Noe Miyashita

Attomol-level ATP bioluminometer for detecting single bacterium: ATP calibration curve is linear from 0 to 5 amol

We have developed an automated high-sensitive ATP bioluminometer for detecting single bacterium. The apparatus consists of a tube rack for setting reagents and samples, two washing baths for preventing sample carry-over from dispenser nozzle, and x-, y-, z- actuators for moving the dispenser, and an high-sensitive optical system. The reaction tube was selected to reduce the background signal intensities for the ATP bioluminescence measurement. The background signal intensity of the reaction tube was 18 RLU, which is almost the same as the dark counts of the photomultiplier (16 RLU). The ATP calibration curve was linear from 0 to 5 amol (its slope = 22.4 RLU/amol and 3.3 SD of the blank sample signal = 17.9 RLU), and the detection limit of 0.8 amol was obtained. The relationship between intracellular ATP and CFU in Escherichia coli (ATCC25922) was kept linearity from 0 to 20 CFU, and the intracellular ATP (amol) per CFU was calculated to be 3.3 amol/CFU (R2 = 0.9713). Moreover, the relationship between intracellular ATP and CFU in Staphylococcus aureus (ATCC25923) was also kept linearity from 0 to 30 CFU, and the amol/CFU was calculated to be 1.6 amol/CFU (R2 = 0.9847). The automated ATP bioluminometer has ultra-high sensitivity and will be a powerful tool for measuring ATP luminescence derived from small number of bacteria.

New Approach for Setting a Management Criterion in Microbiological Monitoring Using Rapid Microbiological Methods

The application of rapid microbiological methods (RMM) to bacterial monitoring in pharmaceutical manufacturing processes is now a key topic, since timely microbiological data are critical for product release, continuous process improvement and quality control. An automated, highly sensitive detection system has been developed which can measure the amount of ATP in a sample in 2 h with one hundredfold more sensitive than the conventional ATP method. One of the major subjects for adoption and implementation of RMM is how to set the criterion value for practical microbial control. This value was conventionally been set by experimental rule and indicated as the number of colonies counted after incubation in a particular medium. We have adopted a new approach to set a criterion value which enables assessment in whether the status of the object is normal or not. By setting this criterion value, it is possible to conduct the microbiological control with the intended probability of false-positive and false-negative.

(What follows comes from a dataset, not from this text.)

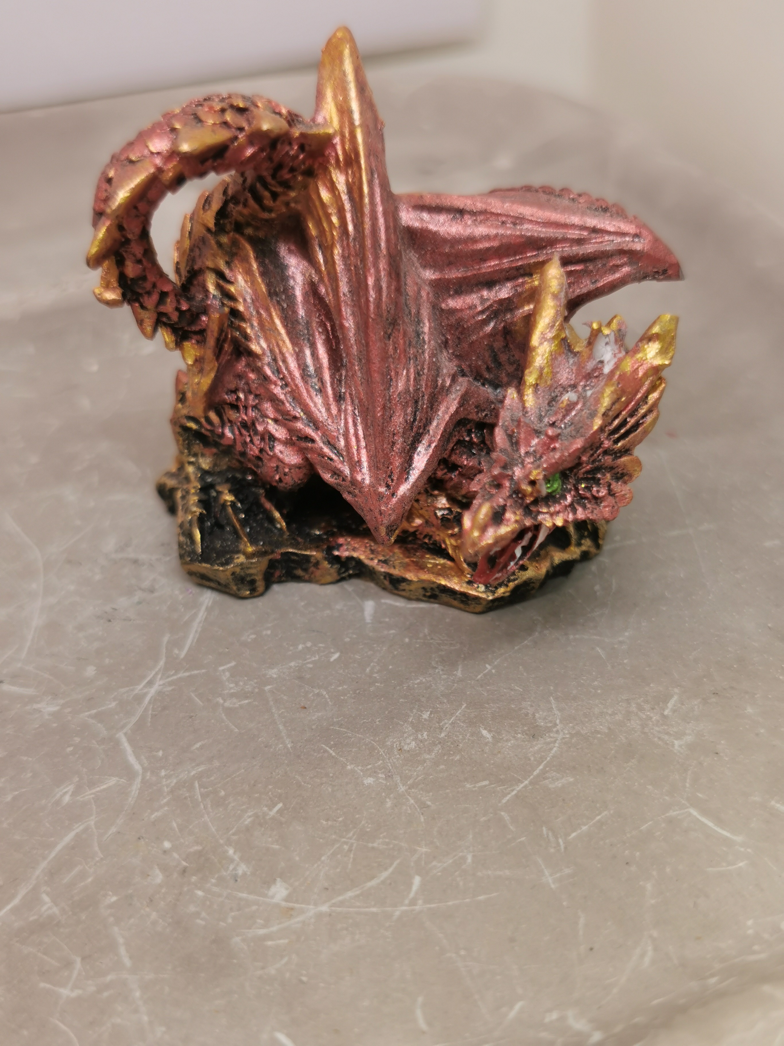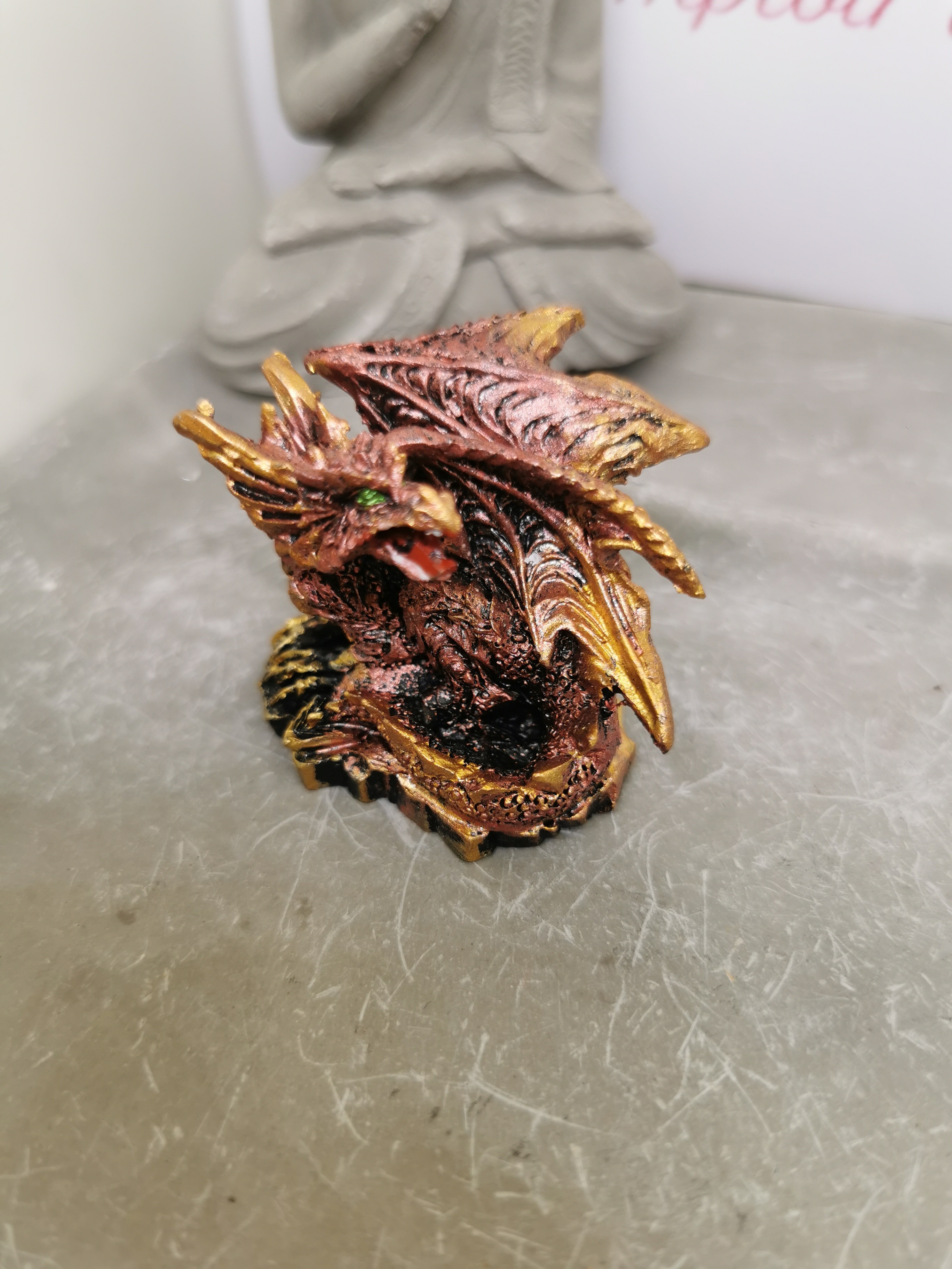 Chaque figurine est travaillée avec soin : écailles détaillées, ailes majestueuses, regard intense et finitions dorées qui soulignent la noblesse du dragon.

In this approach the probability distribution model of the measurement value of each object in a normal status has been established by performing repetitive measurement of each object. We have suggested and verified the probability distribution form of the ATP measurement value using measurement data of the standard bacterial solution of Staphylococcus aureus. The theoretical value of the model was in good agreement with the actual measured value. The results suggest it is possible to set an applicable management criterion value using this model and to conduct new microbiological monitoring using RMM.